**WHAT IS REQUIRED:** The reply should match the listing below character for character, except that no image is carried over.

**EXERCISE DATA:**
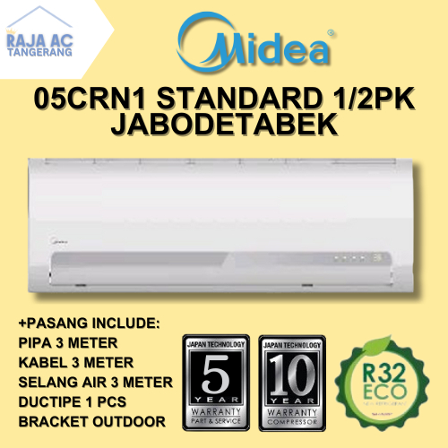 AC Midea 1/2 PK 05CRN STANDARD FREE PASANG + AKSESORIS Raja AC Tangerang
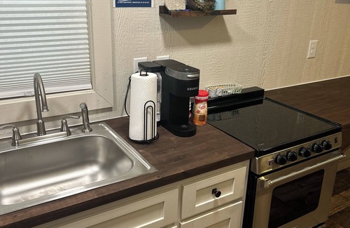 Enjoy the comforts of home with a fully equipped kitchenette that features a countertop, kitchen sink, oven and stovetop, microwave, refrigerator, and coffee maker—perfect for preparing meals during your stay. Kick back and unwind with the 42-inch smart TV, ready for streaming all your favorite shows.
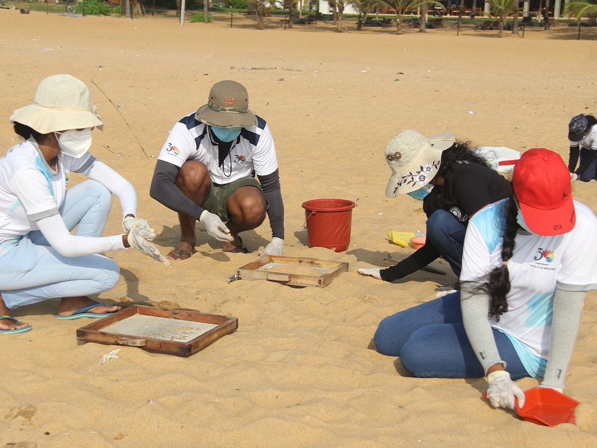 The Green Practice Committee (GPC) of the Faculty of Medicine (FOM), University of Kelaniya (UOK), organized a Beach Cleaning Day at Negombo Beach as part of their ongoing environmental initiatives. This volunteer-driven event focused on removing plastic debris and nurdles from the beach, fostering a sense of responsibility among undergraduates and staff. The initiative aimed not only to clean the environment but also to strengthen communication and teamwork among participants, paving the way for future environmental efforts.

**RESPONSE BOX:**
 AC Midea 1/2 PK 05CRN STANDARD FREE PASANG + AKSESORIS Raja AC Tangerang
 Enjoy the comforts of home with a fully equipped kitchenette that features a countertop, kitchen sink, oven and stovetop, microwave, refrigerator, and coffee maker—perfect for preparing meals during your stay. Kick back and unwind with the 42-inch smart TV, ready for streaming all your favorite shows.
 The Green Practice Committee (GPC) of the Faculty of Medicine (FOM), University of Kelaniya (UOK), organized a Beach Cleaning Day at Negombo Beach as part of their ongoing environmental initiatives. This volunteer-driven event focused on removing plastic debris and nurdles from the beach, fostering a sense of responsibility among undergraduates and staff. The initiative aimed not only to clean the environment but also to strengthen communication and teamwork among participants, paving the way for future environmental efforts.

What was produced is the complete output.